Around that core goup, a much larger number of people, who on occasions could be equally brave and resourceful, supported and abetted the active fighters. The IRA could also rely on a very large and well integrated Irish population on the British mainland, who even if they weren’t sympathetic to the cause, at least provided a certain layer of cultural and practical ‘cover.’

Yet these weren't all of the advantages. IRA members looked identical to the target population against whom they operated. They spoke the same language. Despite their denials, they came from a very similar culture. They had a large and powerful and well armed backer in the shape of the huge and ignorant United States’ Irish community.

Yet despite three decades of steadily evolving tactics and sophistication, the IRA ultimately failed in it’s primary goal of achieving a united Ireland. In fact as the years roll on since the peace agreements of the late 1990s, and both Northern Ireland and the Irish Republic become steadily more prosperous and content, the chances of unification seem more distant than ever.

How on earth did Britain manage to neutralise this large, well organised, well led, and highly efficient terrorist group? It turns out by doing pretty much the opposite of everything Blair has done.

Once upon a time I rather liked Tony Blair, and it's taken me years to accept he no longer learns from past mistakes (Dubya has neither the courage to admit his mistakes, or the intellect to learn alternative strategies). So here, for the benefit of Blair and Dubya's successors, are some lessons on how to neutralise a terrorist threat:

  1. Downplay any terrorist success. No two minute silences, no elaborate memorial services, no indication that the attack has been anything other than a grubby crime, best forgotten.


  2. Don’t ever suggest the terrorist action is anything other than a local criminal act.
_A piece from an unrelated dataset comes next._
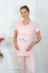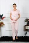 Kadın Kısa Kol Hamile Lohusa Pijama Takımı Pudra 45210

No declarations of being in a global war, that the event itself has anything to do with being international. The IRA was always trying to get help from other countries. Apart from substantial American assistance, it largely failed in these efforts.


  3. Don’t change the laws of the country in response to a terrorist attack. To do so shows the terrorists are winning. During the entire 30 years war with the IRA, the government was able to reject calls for internment without trial, and identity cards. The one experiment in internment took place in Northern Ireland itself and was a disaster with hundreds of innocent people arrested and imprisoned.


  4. Stress vigilance in your general population, but otherwise it’s business as usual as soon as the broken glass is swept up. Don’t ever claim that a terrorist attack has “changed the world” – that's a terrorist’s wet dream.


  5. While you maintain the façade of business as usual, invest heavily in electronic and human intelligence. Recruit agents, monitor phone calls and e-mail and anything else, offer large sums of money to informers, and look the other way when your elite counter-terrorist forces murder in cold blood. Yes, we can be ruthless bastards too.


  6. Rely on the fact that no terrorist group, large or small, can hope to equal the damage done by even a single night of the Luftwaffe in World War 2. Ultimately terrorist acts, even spectacular ones, are no serious strategic threat to a modern western state.

Follow the advice above, and you can hope for some kind of resolution to the terrorist action in three decades, hopefully less. Ignore the advice, and go along with a "war on terror" and you can look forward to a global Forever War that inflicts permanent damage on your society.